ABOUT THIS EXERCISE: Repeat precisely the span of lines below that opens with the line containing "À 12 h, le cortège" and closes with the line containing "Foto 9: MURO", both included.

─── WORKING DATA

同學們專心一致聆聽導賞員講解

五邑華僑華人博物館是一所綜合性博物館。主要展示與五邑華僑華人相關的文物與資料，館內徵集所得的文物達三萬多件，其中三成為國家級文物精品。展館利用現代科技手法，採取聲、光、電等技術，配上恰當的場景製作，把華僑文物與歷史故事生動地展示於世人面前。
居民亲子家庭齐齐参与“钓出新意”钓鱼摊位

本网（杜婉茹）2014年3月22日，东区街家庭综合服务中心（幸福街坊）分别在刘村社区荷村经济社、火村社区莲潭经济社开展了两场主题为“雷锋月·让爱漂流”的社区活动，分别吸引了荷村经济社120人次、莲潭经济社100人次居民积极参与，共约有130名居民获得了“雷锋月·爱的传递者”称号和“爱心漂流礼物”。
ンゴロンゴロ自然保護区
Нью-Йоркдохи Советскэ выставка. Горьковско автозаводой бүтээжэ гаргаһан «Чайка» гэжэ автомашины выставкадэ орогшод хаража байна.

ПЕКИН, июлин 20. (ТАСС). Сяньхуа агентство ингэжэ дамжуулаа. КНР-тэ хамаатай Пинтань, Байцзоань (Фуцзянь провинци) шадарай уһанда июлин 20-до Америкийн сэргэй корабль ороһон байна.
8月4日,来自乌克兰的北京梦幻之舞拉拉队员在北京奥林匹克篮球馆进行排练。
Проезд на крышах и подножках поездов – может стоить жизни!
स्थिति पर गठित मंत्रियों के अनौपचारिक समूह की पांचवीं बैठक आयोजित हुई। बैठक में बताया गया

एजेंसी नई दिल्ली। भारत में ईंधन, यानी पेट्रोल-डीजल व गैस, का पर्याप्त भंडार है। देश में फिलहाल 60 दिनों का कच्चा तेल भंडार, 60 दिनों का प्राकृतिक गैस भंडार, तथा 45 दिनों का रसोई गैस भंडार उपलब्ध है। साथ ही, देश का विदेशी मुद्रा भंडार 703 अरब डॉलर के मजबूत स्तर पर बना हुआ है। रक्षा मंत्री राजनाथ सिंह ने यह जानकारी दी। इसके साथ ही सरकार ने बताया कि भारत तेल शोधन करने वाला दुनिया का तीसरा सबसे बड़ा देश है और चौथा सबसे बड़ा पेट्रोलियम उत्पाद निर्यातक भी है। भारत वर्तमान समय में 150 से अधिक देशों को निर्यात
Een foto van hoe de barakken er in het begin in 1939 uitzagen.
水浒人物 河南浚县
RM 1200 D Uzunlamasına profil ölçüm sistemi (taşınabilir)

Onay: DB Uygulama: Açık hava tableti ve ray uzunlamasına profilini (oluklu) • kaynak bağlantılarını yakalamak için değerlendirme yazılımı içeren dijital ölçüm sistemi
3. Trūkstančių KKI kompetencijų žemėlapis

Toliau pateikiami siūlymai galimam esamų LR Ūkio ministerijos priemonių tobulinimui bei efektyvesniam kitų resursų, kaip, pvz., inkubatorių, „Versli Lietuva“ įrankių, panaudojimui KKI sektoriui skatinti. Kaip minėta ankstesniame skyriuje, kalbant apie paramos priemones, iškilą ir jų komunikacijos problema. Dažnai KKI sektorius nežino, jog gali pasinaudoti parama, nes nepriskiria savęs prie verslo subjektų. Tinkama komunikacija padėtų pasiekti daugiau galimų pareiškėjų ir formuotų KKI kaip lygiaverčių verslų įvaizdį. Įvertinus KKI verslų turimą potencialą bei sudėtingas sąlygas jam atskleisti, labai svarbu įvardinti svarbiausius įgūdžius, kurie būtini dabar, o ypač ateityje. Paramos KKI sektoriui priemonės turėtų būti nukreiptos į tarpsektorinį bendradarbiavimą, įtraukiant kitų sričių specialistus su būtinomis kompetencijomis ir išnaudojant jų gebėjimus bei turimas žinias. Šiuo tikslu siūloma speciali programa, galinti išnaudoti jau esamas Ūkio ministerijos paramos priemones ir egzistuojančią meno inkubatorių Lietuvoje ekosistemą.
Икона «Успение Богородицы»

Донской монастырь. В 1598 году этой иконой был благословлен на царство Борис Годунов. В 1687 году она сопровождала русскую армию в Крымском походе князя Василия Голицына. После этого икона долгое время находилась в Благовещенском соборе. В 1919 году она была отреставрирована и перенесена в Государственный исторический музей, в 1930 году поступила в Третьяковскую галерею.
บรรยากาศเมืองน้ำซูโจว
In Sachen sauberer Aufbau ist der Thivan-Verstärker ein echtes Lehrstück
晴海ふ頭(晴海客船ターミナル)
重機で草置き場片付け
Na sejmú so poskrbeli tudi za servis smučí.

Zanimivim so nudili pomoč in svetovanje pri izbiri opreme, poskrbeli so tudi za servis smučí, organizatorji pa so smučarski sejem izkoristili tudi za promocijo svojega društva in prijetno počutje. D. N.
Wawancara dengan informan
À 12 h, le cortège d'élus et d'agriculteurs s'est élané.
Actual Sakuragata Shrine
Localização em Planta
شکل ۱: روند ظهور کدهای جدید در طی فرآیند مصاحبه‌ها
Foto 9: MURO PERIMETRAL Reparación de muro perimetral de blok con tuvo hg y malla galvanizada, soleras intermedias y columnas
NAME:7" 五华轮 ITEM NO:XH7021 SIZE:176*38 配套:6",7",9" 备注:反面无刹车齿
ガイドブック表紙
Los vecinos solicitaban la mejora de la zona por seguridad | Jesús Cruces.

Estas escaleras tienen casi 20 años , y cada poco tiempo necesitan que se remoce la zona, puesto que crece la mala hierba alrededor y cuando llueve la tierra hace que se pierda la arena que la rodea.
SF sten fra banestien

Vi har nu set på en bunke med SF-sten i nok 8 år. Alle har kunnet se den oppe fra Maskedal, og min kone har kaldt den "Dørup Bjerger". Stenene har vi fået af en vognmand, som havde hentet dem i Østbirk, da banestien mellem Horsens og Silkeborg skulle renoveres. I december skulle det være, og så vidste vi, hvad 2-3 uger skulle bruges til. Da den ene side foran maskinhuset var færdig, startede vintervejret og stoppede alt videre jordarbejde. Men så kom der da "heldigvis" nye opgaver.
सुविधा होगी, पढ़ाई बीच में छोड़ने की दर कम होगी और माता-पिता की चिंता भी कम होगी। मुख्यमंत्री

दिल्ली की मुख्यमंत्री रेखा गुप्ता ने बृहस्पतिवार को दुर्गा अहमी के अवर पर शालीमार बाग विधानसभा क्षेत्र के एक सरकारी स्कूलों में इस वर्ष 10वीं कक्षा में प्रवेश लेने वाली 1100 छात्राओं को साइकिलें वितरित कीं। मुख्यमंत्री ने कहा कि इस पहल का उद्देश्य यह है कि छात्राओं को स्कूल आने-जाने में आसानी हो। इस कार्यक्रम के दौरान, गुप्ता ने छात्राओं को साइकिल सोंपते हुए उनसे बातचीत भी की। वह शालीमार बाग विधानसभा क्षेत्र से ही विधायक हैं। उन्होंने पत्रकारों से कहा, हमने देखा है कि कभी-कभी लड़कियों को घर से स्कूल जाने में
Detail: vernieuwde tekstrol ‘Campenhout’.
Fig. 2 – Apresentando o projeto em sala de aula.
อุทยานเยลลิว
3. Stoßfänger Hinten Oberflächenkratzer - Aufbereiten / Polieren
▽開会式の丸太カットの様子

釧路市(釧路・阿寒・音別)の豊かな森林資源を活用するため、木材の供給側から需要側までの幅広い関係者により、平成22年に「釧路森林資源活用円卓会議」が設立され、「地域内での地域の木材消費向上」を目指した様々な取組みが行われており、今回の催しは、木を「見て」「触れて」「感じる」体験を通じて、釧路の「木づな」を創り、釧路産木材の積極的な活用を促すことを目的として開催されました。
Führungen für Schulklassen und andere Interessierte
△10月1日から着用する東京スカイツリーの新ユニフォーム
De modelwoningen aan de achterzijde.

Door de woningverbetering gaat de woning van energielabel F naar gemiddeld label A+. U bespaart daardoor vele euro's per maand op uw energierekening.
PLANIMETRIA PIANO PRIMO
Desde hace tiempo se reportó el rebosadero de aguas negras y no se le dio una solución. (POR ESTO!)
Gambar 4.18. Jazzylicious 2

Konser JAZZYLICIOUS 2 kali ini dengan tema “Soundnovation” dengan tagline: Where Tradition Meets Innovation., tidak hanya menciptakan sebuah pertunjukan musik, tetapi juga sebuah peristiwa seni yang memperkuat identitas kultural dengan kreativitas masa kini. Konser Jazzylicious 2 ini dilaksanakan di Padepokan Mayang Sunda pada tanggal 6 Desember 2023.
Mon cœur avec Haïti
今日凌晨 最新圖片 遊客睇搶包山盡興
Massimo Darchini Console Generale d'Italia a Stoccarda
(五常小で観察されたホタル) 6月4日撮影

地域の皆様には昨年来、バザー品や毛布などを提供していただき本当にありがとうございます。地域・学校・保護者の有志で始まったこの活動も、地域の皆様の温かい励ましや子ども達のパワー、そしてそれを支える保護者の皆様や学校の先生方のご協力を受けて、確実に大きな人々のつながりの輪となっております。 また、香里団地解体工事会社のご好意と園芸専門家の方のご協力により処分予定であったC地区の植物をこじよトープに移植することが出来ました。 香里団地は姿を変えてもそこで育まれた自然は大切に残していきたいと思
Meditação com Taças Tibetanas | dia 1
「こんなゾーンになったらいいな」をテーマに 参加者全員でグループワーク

──────

THE COMPLETED TASK:
À 12 h, le cortège d'élus et d'agriculteurs s'est élané.
Actual Sakuragata Shrine
Localização em Planta
شکل ۱: روند ظهور کدهای جدید در طی فرآیند مصاحبه‌ها
Foto 9: MURO PERIMETRAL Reparación de muro perimetral de blok con tuvo hg y malla galvanizada, soleras intermedias y columnas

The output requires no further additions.